Along with the occurrence of glucosinolates reported to activate the Nrf2 pathway [31], PLS-DA analysis highlighted the contribution of the hydroxycinnamic acid derivatives 6, 7, 11, 12, 14, 16 and 17 to the higher activity of the hydroalcoholic extracts in terms of Nrf2 activation. In particular, compounds 1-O-feruloyl-2-O-sinapoyl-β-D-glucopyranoside (16) and 3-O-feruloyl-6′-O-sinapoylsucrose (14) were good discriminants for the increased activity as shown in the PLS-DA Score Plot (Figure 4).

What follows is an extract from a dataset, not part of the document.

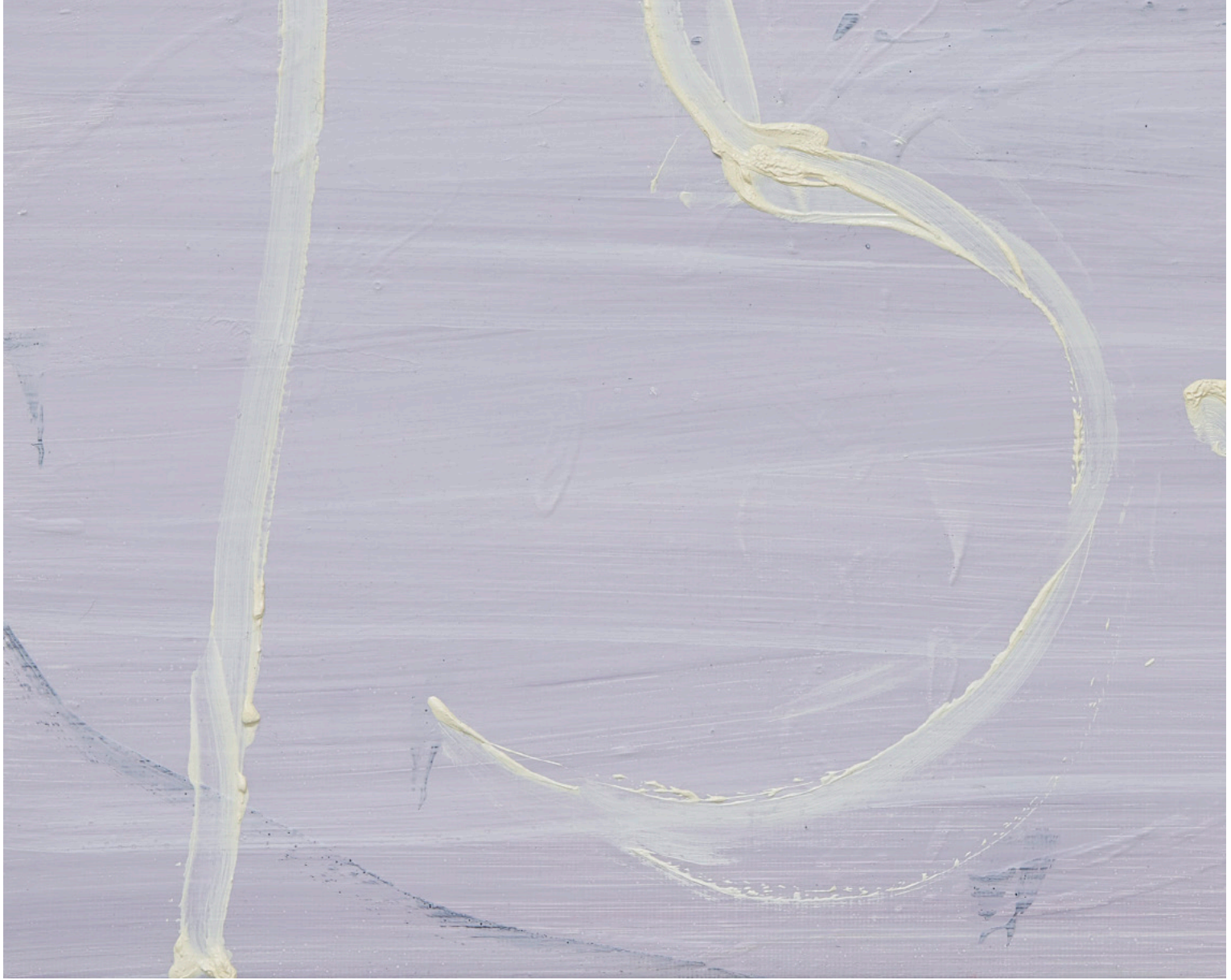
Magnus Frederik Clausen. Threeo'clock (Noah) , 2021. (Detail)

All the statistical data highlighted the ability of EtOH/H₂O mixtures to extract specialized metabolites responsible for the bioactivity of Raphanus sativus. This behaviour can be ascribable to the water, for its ability to swell the plant material, and to ethanol, responsible for breaking the binding between the solutes and plant matrix, facilitating mass transfer of the metabolites [32,33]. The mixtures of EtOH/H₂O, modulating the polarity of the solvent, showed a better synergistic effect for the extraction of bioactive compounds.

4. Conclusions

The sprouts of Raphanus sativus var longipinnatus represent a functional food due to their high nutritional value and health-promoting effects. In this context, daikon sprouts show interesting antioxidant properties. The obtained results provide a comprehensive chemical investigation of these microgreens highlighting how the extraction process can influence the presence of bioactive metabolites and the antioxidant properties of daikon-based extracts. Among all the extracts, the 50% EtOH/H₂O is characterized by a higher content of glucosinolates as well as of 1-O-sinapoyl-β-D-glucopyranoside (6) and 1-O-feruloyl-β-D-glucopyranoside (7). This is in agreement with literature data reporting a synergistic effect in the extraction of bioactive compounds achieved by adding water to ethanol, increasing the permeability of plant tissues and enabling better mass transfer by diffusion [33].

The obtained results provide a comprehensive chemical investigation of these microgreens and, at the same time, highlight how the extraction process can influence the presence of bioactive metabolites. Moreover, the obtained data show how the extraction process can also affect the antioxidant properties of daikon-based extracts. The investigation of daikon sprouts afforded the identification of p-hydroxycinnamic acid derivatives, glucosinolates and oxylipins; in particular, 1-O-feruloyl-2-O-sinapoyl-β-D-glucopyranoside (16), a new p-hydroxycinnamic acid derivative, was here unambiguously characterized by NMR analysis for the first time. Moreover, benzoylglucoraphenin (10), a glucosinolate never reported previously, was putatively identified by LC-MS analysis. Here, the combination of the LC-MS and NMR analysis provided a complete fingerprint of daikon sprouts, taking into account both primary and specialized metabolites. Diet provides a wide variety of bioactive nutrients that possess beneficial effects to health and are able to activate the Nrf2 signalling pathway [14], further confirmed by biological evaluation here assayed. The antioxidant activity shown by the extracts of daikon sprouts encourages the use of daikon sprouts as a functional food. “Green” extracts exerted antioxidant activity by both scavenging radicals and activating Nrf2 signalling in cells.

The analysis of the PLS-DA model shows correlations between the chemical constituents observed in NMR fingerprints and biological activities (Nrf2 activation). In particular, the contribution of hydroxycinnamic acid derivatives (6, 7, 11, 12, 14, 16 and 17) to the higher activity of the hydroalcoholic extracts in stimulating the activation of Nrf2 became evident.

In conclusion, the results of the antioxidant activity make R. sativus sprouts, processed by different extraction methods, a rich source of phytochemicals with potential health benefits. In conclusion, the antioxidant activity exhibited by R. sativus sprouts, processed by different extraction solvents, confirms this food as a rich source of phytochemicals with potential health benefits.